Israel Personal Income Tax
Detailed personal income tax rates and rules for Israel in 2026.
Israel imposes a progressive personal income tax with seven brackets ranging from 10% to 50%. The top 50% rate includes a 3% surtax on high earners (income exceeding approximately ILS 721,560). Residents are taxed on worldwide income, while non-residents are taxed only on Israeli-sourced income. New immigrants (olim hadashim) and returning residents (after 10+ years abroad) are granted a 10-year exemption on foreign-sourced income and capital gains, plus reporting exemptions.
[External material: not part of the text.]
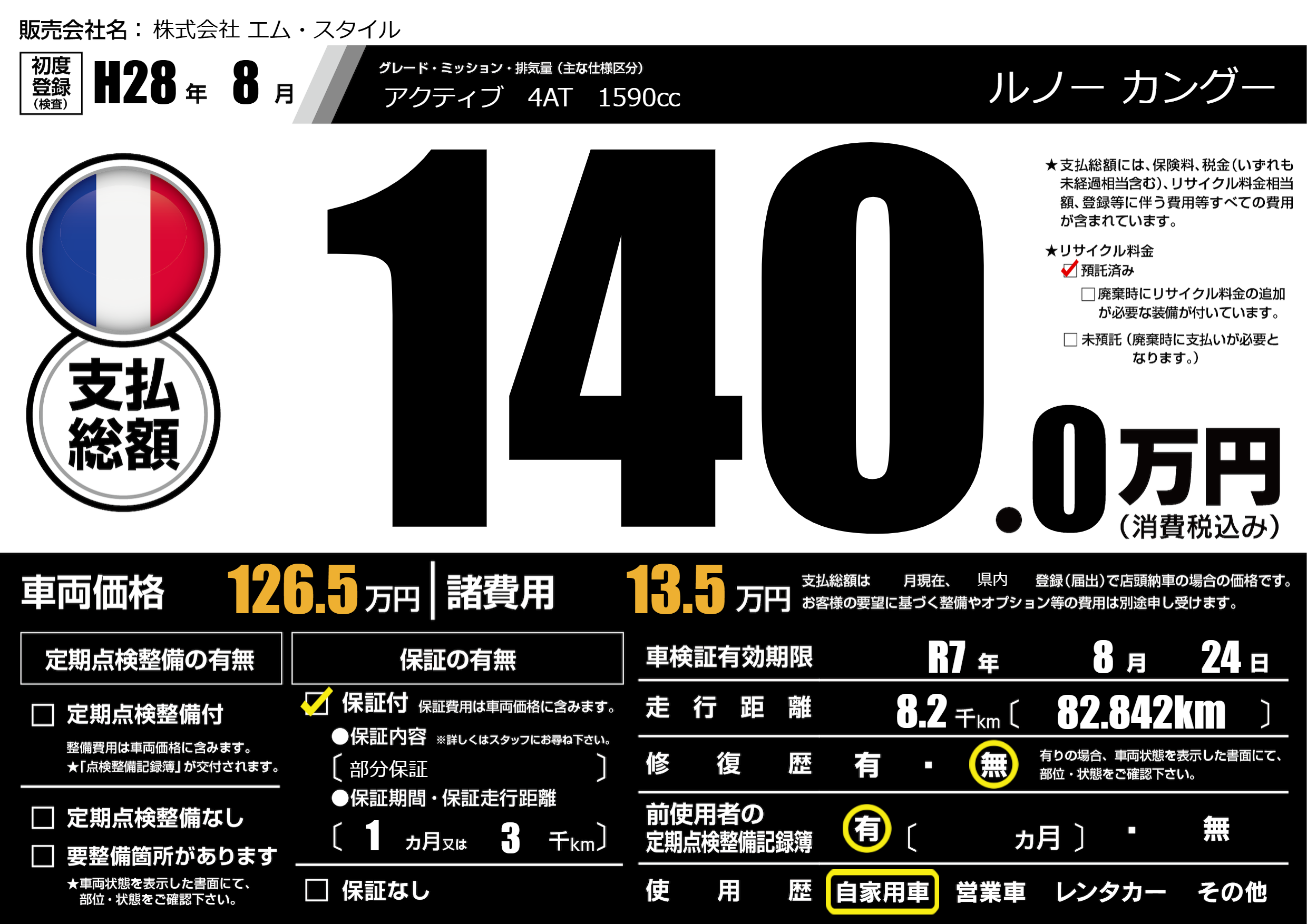 | 車検制限 | R7年 8月 24日 | ||

| Income Range (ILS) | Tax Rate |
|---|---|
| ₪0 – ₪84K | 10% |
| ₪84K – ₪121K | 14% |
| ₪121K – ₪194K | 20% |
| ₪194K – ₪269K | 31% |
| ₪269K – ₪560K | 35% |
| ₪560K – ₪722K | 47% |
| ₪722K+ | 50% |
Filing Deadline
April 30 (individuals); extended deadlines available for represented taxpayers (typically July 31)
Residency Rule
An individual is a tax resident if their center of life is in Israel, determined by factors including permanent home, family location, economic and social interests. A presumption of residency applies if an individual is present in Israel for 183 days or more in a tax year, or 30+ days in the current year with 425+ days over the current and two preceding years. Residents are taxed on worldwide income.
Additional Notes
Israel provides various tax credits including personal credit points (nekudot zikui) that reduce tax liability. Each credit point is worth approximately ILS 2,904 per year. Residents receive 2.25 credit points (2.75 for women). Additional credits are available for children, new immigrants, students, military service, and other qualifying circumstances. Contributions to recognized pension funds and provident funds are tax-deductible or eligible for tax credits.
How Israel Income Tax compares
Israel’s top personal income tax rate of 50% is the 10th highest of 203 countries TaxAtlas tracks, above the global average of 27.7% and Asia’s regional average of 22.2%.